Exercise prompt.
An exact transcription of all the data is required; the pictures are to be left out.

Data provided.
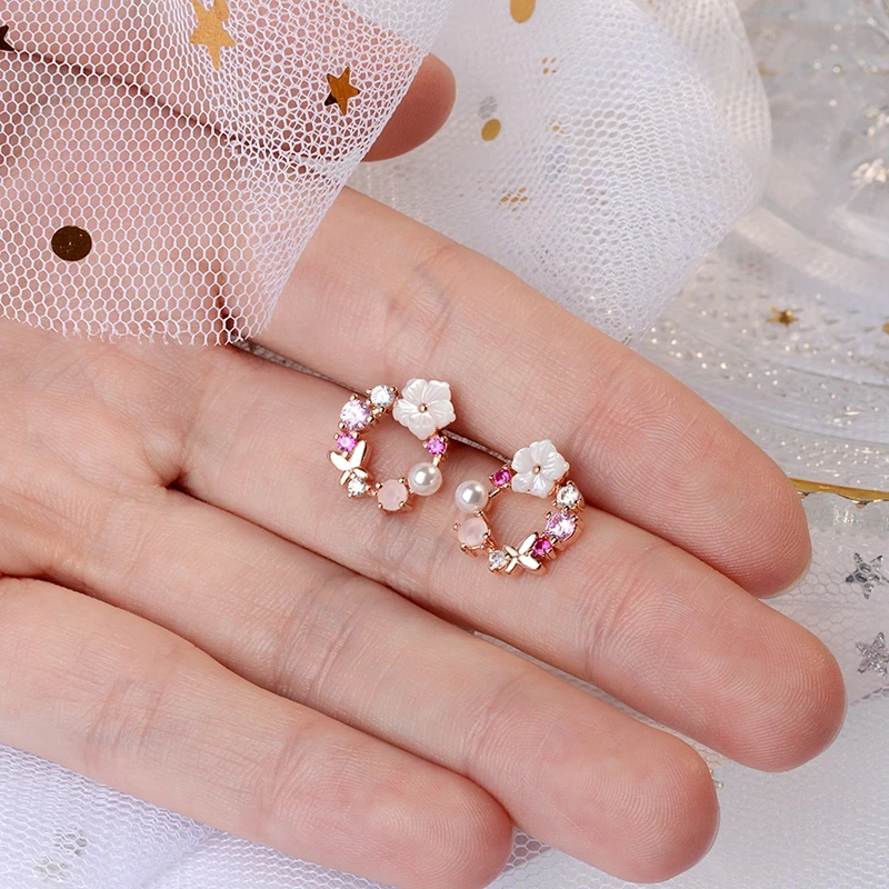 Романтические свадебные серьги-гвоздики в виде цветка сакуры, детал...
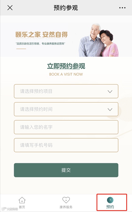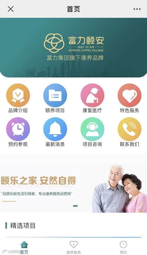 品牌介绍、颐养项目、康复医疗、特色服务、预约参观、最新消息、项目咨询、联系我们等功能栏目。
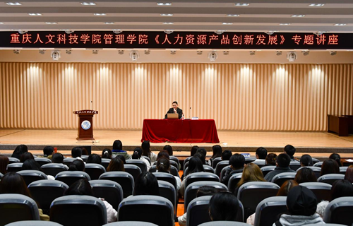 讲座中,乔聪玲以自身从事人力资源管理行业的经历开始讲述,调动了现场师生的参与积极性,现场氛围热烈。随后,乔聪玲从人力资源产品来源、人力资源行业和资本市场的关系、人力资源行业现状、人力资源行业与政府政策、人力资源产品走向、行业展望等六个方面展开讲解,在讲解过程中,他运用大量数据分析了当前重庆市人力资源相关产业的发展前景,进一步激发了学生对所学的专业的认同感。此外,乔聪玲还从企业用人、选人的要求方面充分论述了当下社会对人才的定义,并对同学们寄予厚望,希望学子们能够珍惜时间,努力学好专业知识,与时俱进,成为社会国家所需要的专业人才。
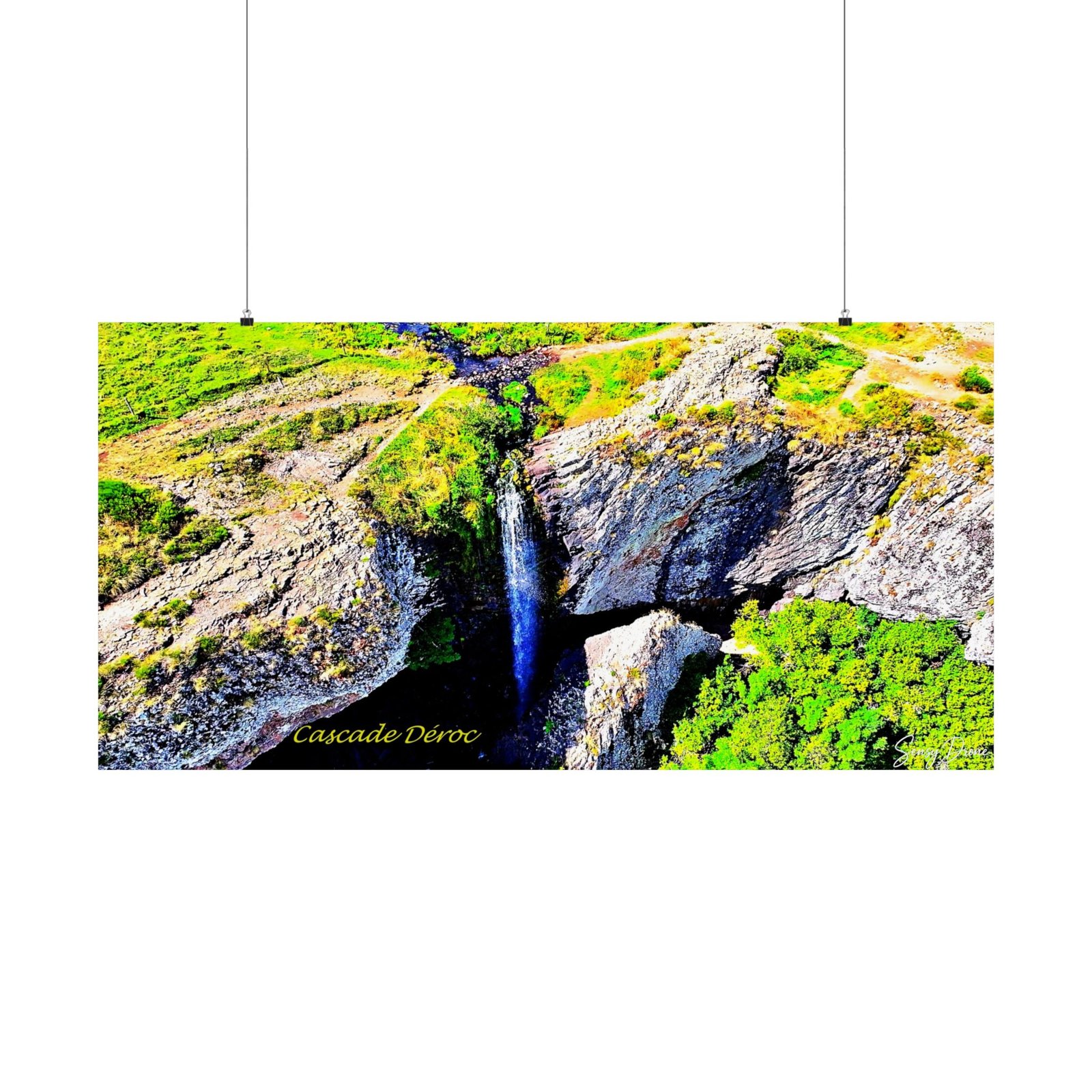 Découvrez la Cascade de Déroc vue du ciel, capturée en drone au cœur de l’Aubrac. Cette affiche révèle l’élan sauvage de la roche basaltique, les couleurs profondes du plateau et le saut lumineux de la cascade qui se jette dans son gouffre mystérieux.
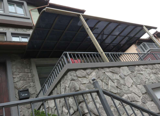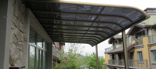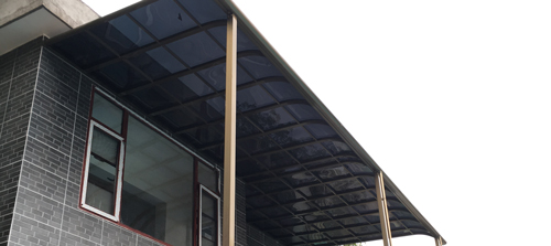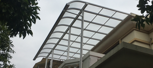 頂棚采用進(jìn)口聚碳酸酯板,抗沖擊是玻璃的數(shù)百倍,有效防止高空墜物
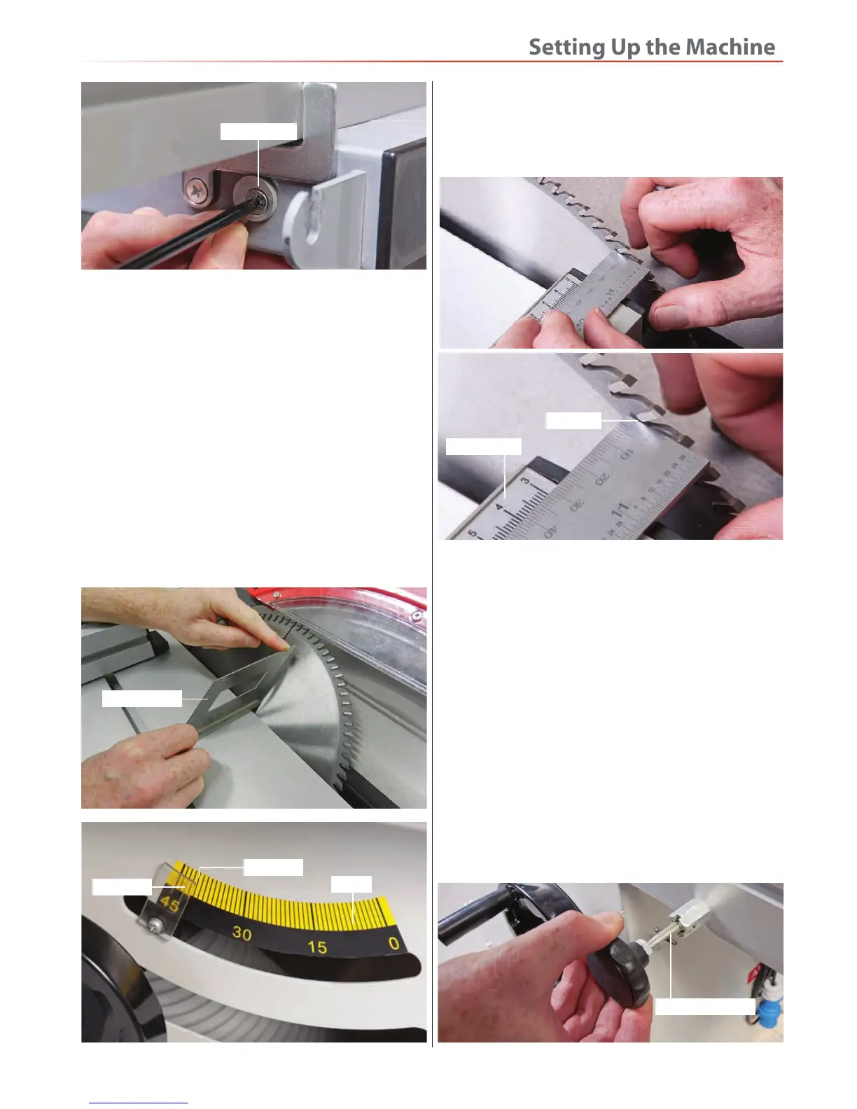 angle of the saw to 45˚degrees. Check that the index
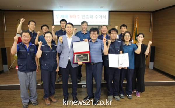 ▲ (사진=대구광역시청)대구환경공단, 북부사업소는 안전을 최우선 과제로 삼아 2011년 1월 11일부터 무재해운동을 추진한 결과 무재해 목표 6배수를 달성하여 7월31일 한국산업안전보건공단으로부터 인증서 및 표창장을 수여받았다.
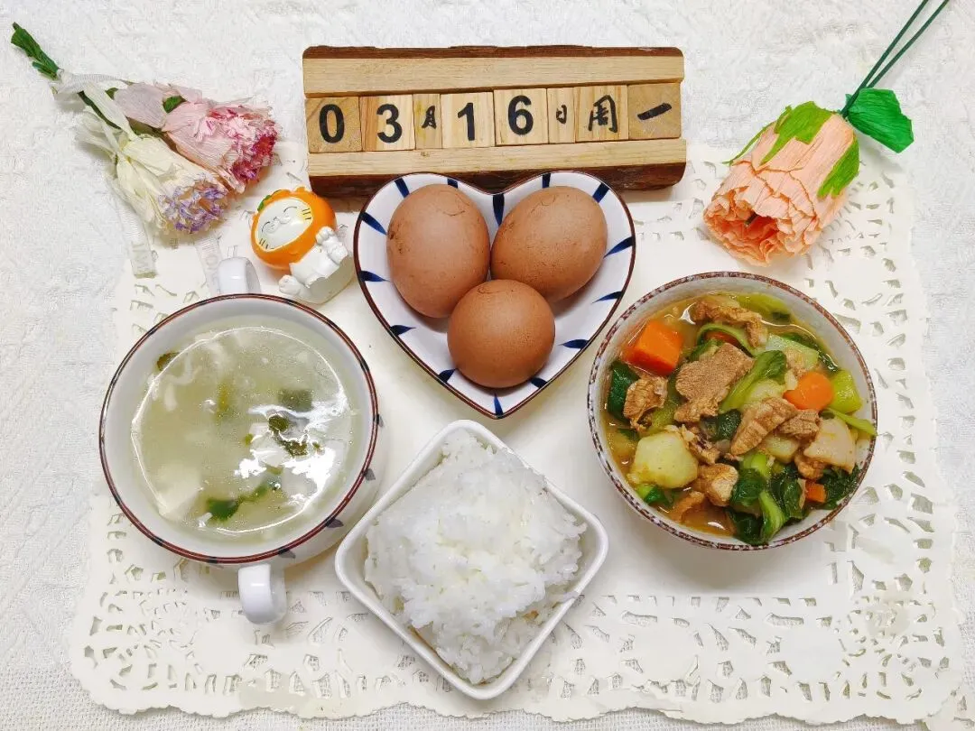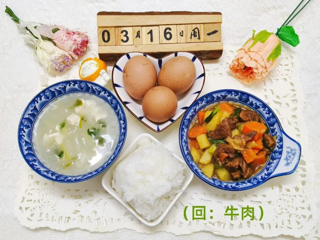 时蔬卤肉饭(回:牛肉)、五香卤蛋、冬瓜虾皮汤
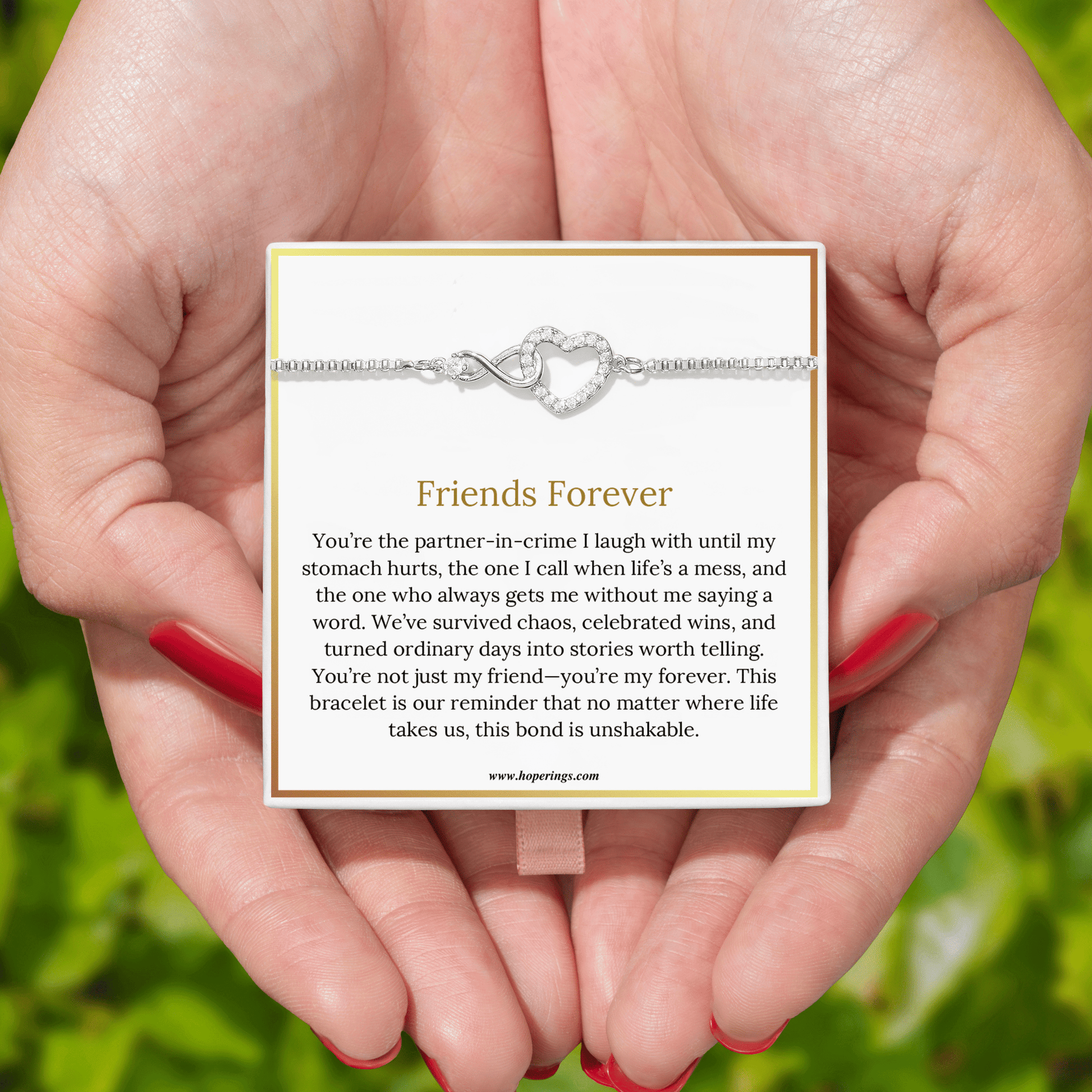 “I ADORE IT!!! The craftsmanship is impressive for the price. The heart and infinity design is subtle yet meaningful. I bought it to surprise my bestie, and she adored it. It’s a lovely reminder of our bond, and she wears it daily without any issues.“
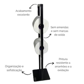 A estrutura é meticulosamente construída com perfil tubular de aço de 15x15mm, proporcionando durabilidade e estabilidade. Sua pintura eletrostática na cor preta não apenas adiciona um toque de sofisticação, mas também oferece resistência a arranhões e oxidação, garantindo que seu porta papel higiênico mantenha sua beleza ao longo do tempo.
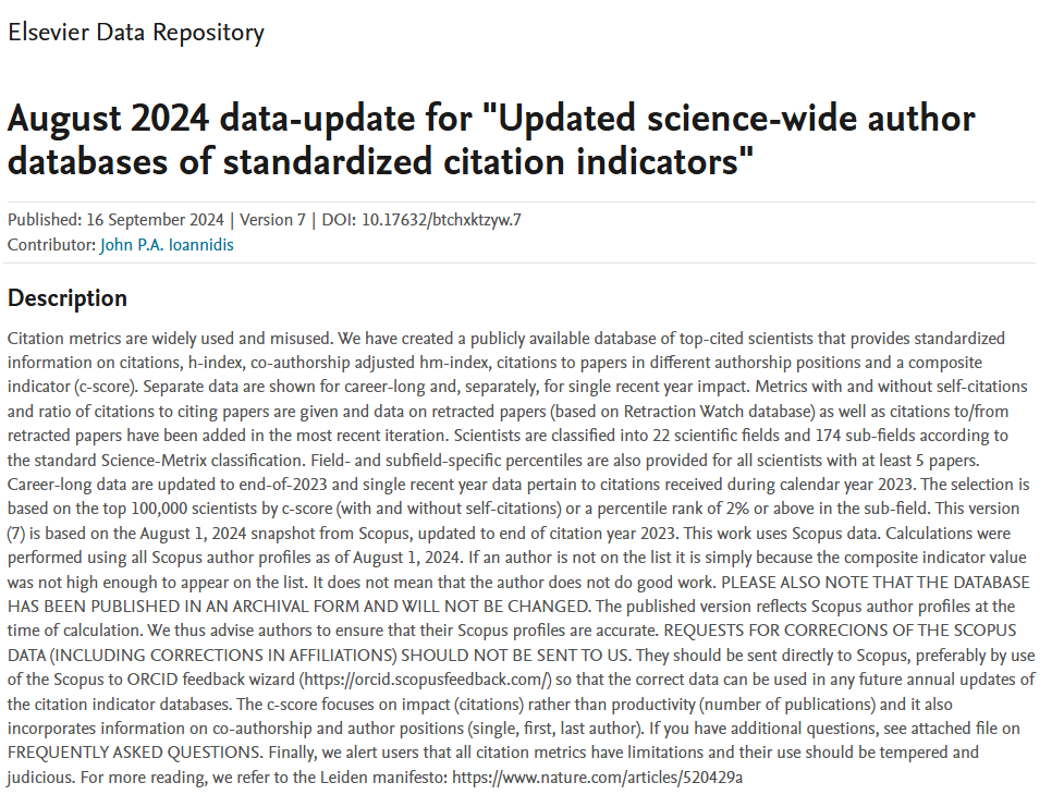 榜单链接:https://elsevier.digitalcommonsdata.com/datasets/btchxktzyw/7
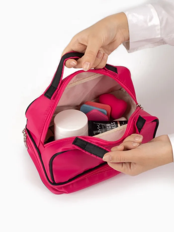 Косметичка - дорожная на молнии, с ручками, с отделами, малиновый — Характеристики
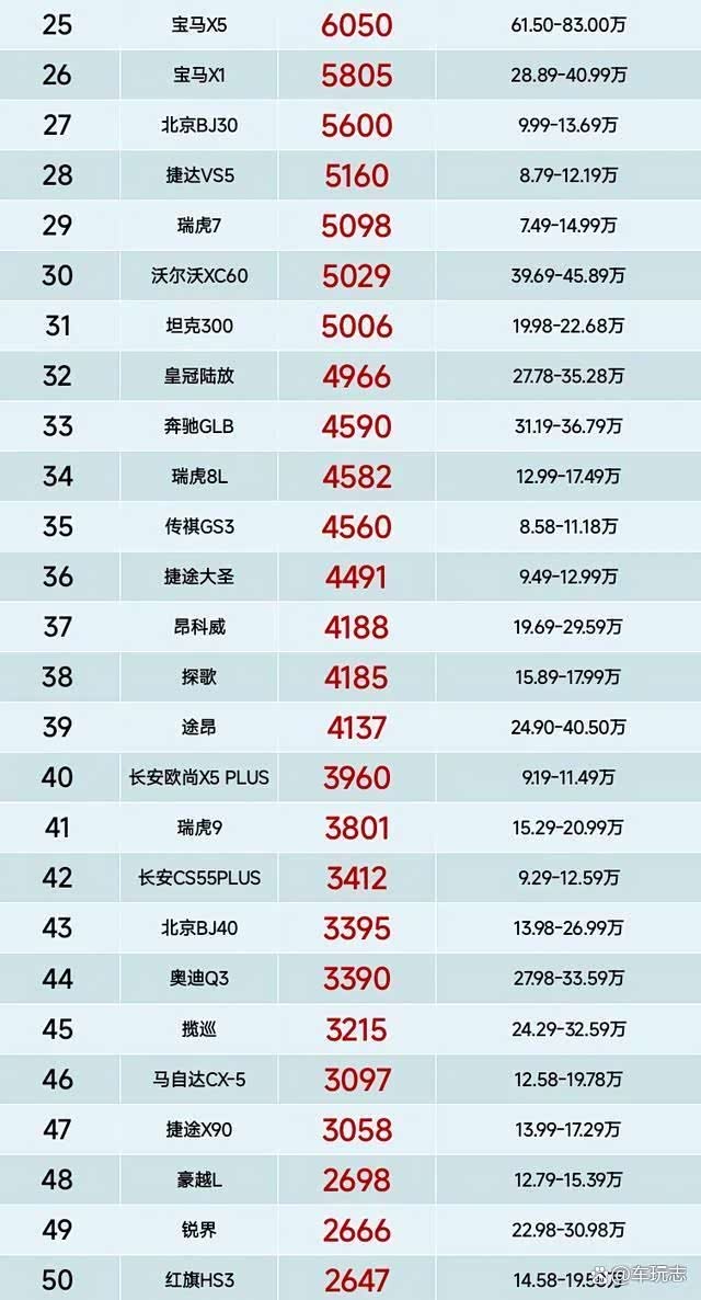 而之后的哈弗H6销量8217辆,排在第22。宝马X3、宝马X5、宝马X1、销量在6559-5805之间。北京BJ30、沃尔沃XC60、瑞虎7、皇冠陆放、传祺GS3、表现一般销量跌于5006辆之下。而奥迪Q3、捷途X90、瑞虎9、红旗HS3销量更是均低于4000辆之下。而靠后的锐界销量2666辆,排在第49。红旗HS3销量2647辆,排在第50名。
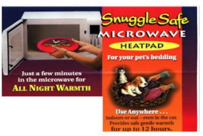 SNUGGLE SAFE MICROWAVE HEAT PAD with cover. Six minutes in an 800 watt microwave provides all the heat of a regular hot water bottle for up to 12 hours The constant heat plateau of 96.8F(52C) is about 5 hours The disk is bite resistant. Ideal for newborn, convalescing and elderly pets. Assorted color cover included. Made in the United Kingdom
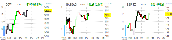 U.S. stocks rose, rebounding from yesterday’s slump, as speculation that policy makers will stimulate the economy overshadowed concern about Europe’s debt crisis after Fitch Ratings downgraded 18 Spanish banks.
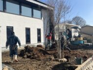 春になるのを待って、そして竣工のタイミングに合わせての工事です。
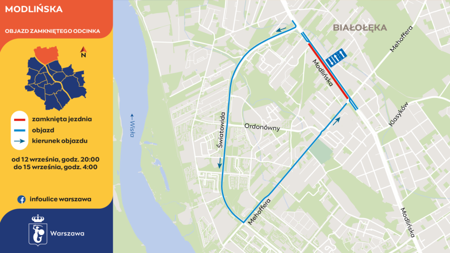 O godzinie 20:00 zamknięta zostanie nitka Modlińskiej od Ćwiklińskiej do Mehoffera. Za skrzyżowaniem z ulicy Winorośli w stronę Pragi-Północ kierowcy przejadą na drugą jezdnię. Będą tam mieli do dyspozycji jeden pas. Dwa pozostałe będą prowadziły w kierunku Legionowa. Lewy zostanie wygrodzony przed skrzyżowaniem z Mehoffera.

Written solution.
 Романтические свадебные серьги-гвоздики в виде цветка сакуры, детал...
 品牌介绍、颐养项目、康复医疗、特色服务、预约参观、最新消息、项目咨询、联系我们等功能栏目。
 讲座中,乔聪玲以自身从事人力资源管理行业的经历开始讲述,调动了现场师生的参与积极性,现场氛围热烈。随后,乔聪玲从人力资源产品来源、人力资源行业和资本市场的关系、人力资源行业现状、人力资源行业与政府政策、人力资源产品走向、行业展望等六个方面展开讲解,在讲解过程中,他运用大量数据分析了当前重庆市人力资源相关产业的发展前景,进一步激发了学生对所学的专业的认同感。此外,乔聪玲还从企业用人、选人的要求方面充分论述了当下社会对人才的定义,并对同学们寄予厚望,希望学子们能够珍惜时间,努力学好专业知识,与时俱进,成为社会国家所需要的专业人才。
 Découvrez la Cascade de Déroc vue du ciel, capturée en drone au cœur de l’Aubrac. Cette affiche révèle l’élan sauvage de la roche basaltique, les couleurs profondes du plateau et le saut lumineux de la cascade qui se jette dans son gouffre mystérieux.
 頂棚采用進(jìn)口聚碳酸酯板,抗沖擊是玻璃的數(shù)百倍,有效防止高空墜物
 angle of the saw to 45˚degrees. Check that the index
 ▲ (사진=대구광역시청)대구환경공단, 북부사업소는 안전을 최우선 과제로 삼아 2011년 1월 11일부터 무재해운동을 추진한 결과 무재해 목표 6배수를 달성하여 7월31일 한국산업안전보건공단으로부터 인증서 및 표창장을 수여받았다.
 时蔬卤肉饭(回:牛肉)、五香卤蛋、冬瓜虾皮汤
 “I ADORE IT!!! The craftsmanship is impressive for the price. The heart and infinity design is subtle yet meaningful. I bought it to surprise my bestie, and she adored it. It’s a lovely reminder of our bond, and she wears it daily without any issues.“
 A estrutura é meticulosamente construída com perfil tubular de aço de 15x15mm, proporcionando durabilidade e estabilidade. Sua pintura eletrostática na cor preta não apenas adiciona um toque de sofisticação, mas também oferece resistência a arranhões e oxidação, garantindo que seu porta papel higiênico mantenha sua beleza ao longo do tempo.
 榜单链接:https://elsevier.digitalcommonsdata.com/datasets/btchxktzyw/7
 Косметичка - дорожная на молнии, с ручками, с отделами, малиновый — Характеристики
 而之后的哈弗H6销量8217辆,排在第22。宝马X3、宝马X5、宝马X1、销量在6559-5805之间。北京BJ30、沃尔沃XC60、瑞虎7、皇冠陆放、传祺GS3、表现一般销量跌于5006辆之下。而奥迪Q3、捷途X90、瑞虎9、红旗HS3销量更是均低于4000辆之下。而靠后的锐界销量2666辆,排在第49。红旗HS3销量2647辆,排在第50名。
 SNUGGLE SAFE MICROWAVE HEAT PAD with cover. Six minutes in an 800 watt microwave provides all the heat of a regular hot water bottle for up to 12 hours The constant heat plateau of 96.8F(52C) is about 5 hours The disk is bite resistant. Ideal for newborn, convalescing and elderly pets. Assorted color cover included. Made in the United Kingdom
 U.S. stocks rose, rebounding from yesterday’s slump, as speculation that policy makers will stimulate the economy overshadowed concern about Europe’s debt crisis after Fitch Ratings downgraded 18 Spanish banks.
 春になるのを待って、そして竣工のタイミングに合わせての工事です。
 O godzinie 20:00 zamknięta zostanie nitka Modlińskiej od Ćwiklińskiej do Mehoffera. Za skrzyżowaniem z ulicy Winorośli w stronę Pragi-Północ kierowcy przejadą na drugą jezdnię. Będą tam mieli do dyspozycji jeden pas. Dwa pozostałe będą prowadziły w kierunku Legionowa. Lewy zostanie wygrodzony przed skrzyżowaniem z Mehoffera.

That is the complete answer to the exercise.